Care was taken to use two separate random number generators; one for generation of the data set and one for the polynomial coefficients. If the same random number generator is used in both cases, results may be biased by the deterministic nature of the random number algorithms. Patterns in the random numbers may correlate the data and polynomial coefficients in unpredictable ways. Experimentation determined that best results are achieved by using two different random number generators. We experimented with the random number generator that comes supplied with Microsoft Visual Studio (2000), one written by Matsumoto and Nishimura, and a third one written by Cheng (1978). (See Cheng: “Generating beta variatew with nonintegral shape parameters,” Comm. ACM, 21: 317-322, 1978; herein incorporated by reference.)
In addition to the random number generators, there should be a reliable source of random number seeds. Using the system clock, as is popular in many other settings, does not work well in this situation. A peculiar feature of some random number generators is that similar seeds produce similar sequences of random numbers. This is highly undesirable, especially if many experiments are performed close in time. We found that a natural source of random numbers, such as atmospheric noise or particle decay, make excellent seeds. We experimented with several such online sources (See Walker: HotBits http://www.fourmilab.ch/hotbits/, 1999; incorporated herein by reference.), and achieved substantially better results as compared with using the system clock as a seed. We wrote a seeder class to retrieve the next seed in the seeder file, which is downloaded for each run from one of the online sources. The header prototypes for this class can be seen in Table 9.
We compared two different evolutionary strategies with two common hashing techniques (see Table 4). The first strategy involved evolving a single polynomial to a data set using the method described above. If a data collision occurred, linear rehash was applied to the data until each data item was placed into the array. The second strategy that was investigated was double hashing—two polynomials were “mated” that had performed well in the environment. These two polynomials were used as double hashing functions. If there was a collision using the first polynomial, the data was rehashed using the second polynomial. Any collisions that remained were rehashed using the linear technique.
Two different types of data sets were tested—a random data set and a structured data set. The random data set was regenerated using a random number generator for each run of the algorithm, and the structured data was generated using a predetermined formula. The formula used was an algebraic combination of several elementary functions. This was done to investigate the affects of structure on the evolutionary methods. Non-random structure in the data can lead to clustering that is more severe than clustering in random data.
The two hashing techniques that the evolutionary strategies were compared against were pseudo-random number generator and simple division-remainder. In the first method, the data was used as a seed to the random number generator, and the next random number in the sequences was used as the hash value. In the second case, the data was simply divided by the size of the hash table, and the remainder was used as the hash value.

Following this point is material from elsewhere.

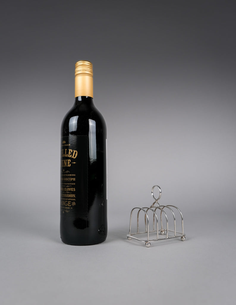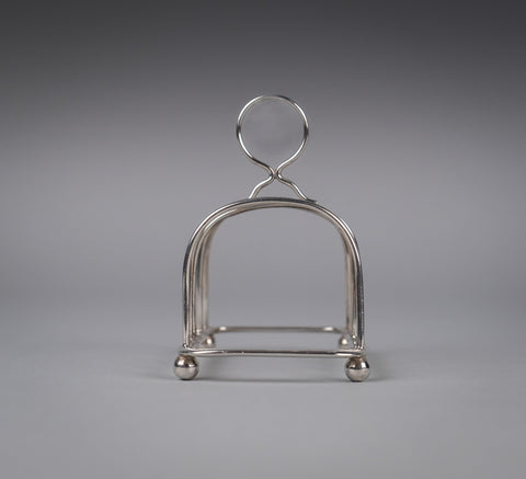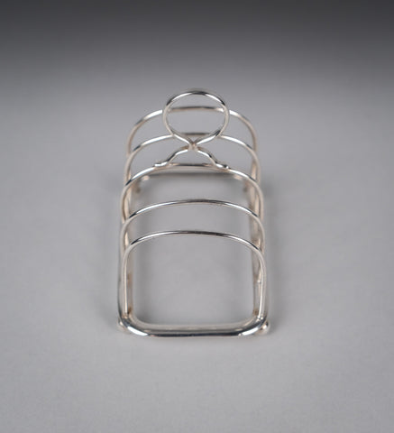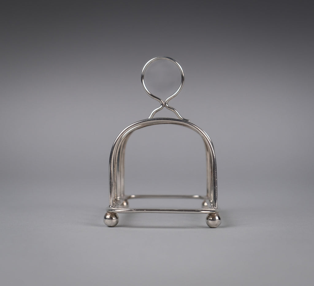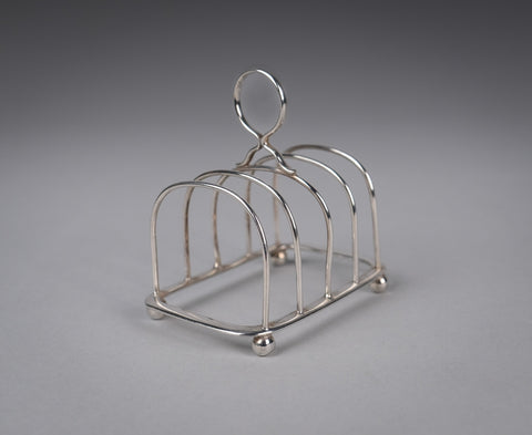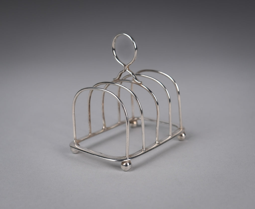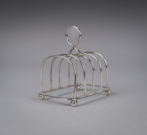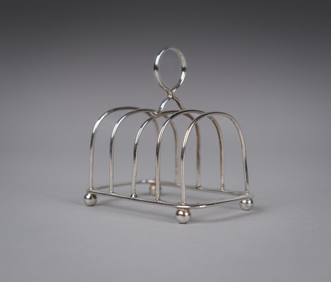 This small elegant toast rack has five bars, a loop handle, rounded corners and four ball feet. There is some light wear commensurate with age, most notably a small warp to one edge of the central bar (please see photographs).

Some important constants that were used in the implementation of the algorithm are listed in Table 3.
Table 9 contains the header prototypes for the hashing table class and the seeder class.
The evolutionary strategy has proven to be very successful in finding polynomials with efficient collision frequencies. The evolved polynomials have consistently better collision frequencies than the other two hashing techniques that were studied. The success of the evolved polynomials is more dramatic for larger data density. This indicates that the evolved polynomials spread the data out more uniformly along the array than the other hashing strategies tested. This is important because it reduces the amount of data clustering, which is in general the largest performance deterioration when using hashing data organization.
Table 5 and
It is clear from the results in Table 5 and
Naturally, more hash table probes are required to determine if a data element is not in the array. This situation becomes more dramatic as the density of the data increases. The reason for this is simple—when the hash table is nearly full, the hashing algorithm needs to consider almost all of the hash entries until it can determine that a particular data element is not present. This condition is referred to as “unsuccessful” hash table access by Tenenbaum et al. (1990), and our average values are reported in Table 6 and
Our results with the pseudo-random number generator and simple division-remainder are consistent and comparable to the results of Tenenbaum et al. (1990). He reports the average number of probes for both strategies for both successful and unsuccessful retrieval. This gives confidence to the accuracy and correctness of our hashing code.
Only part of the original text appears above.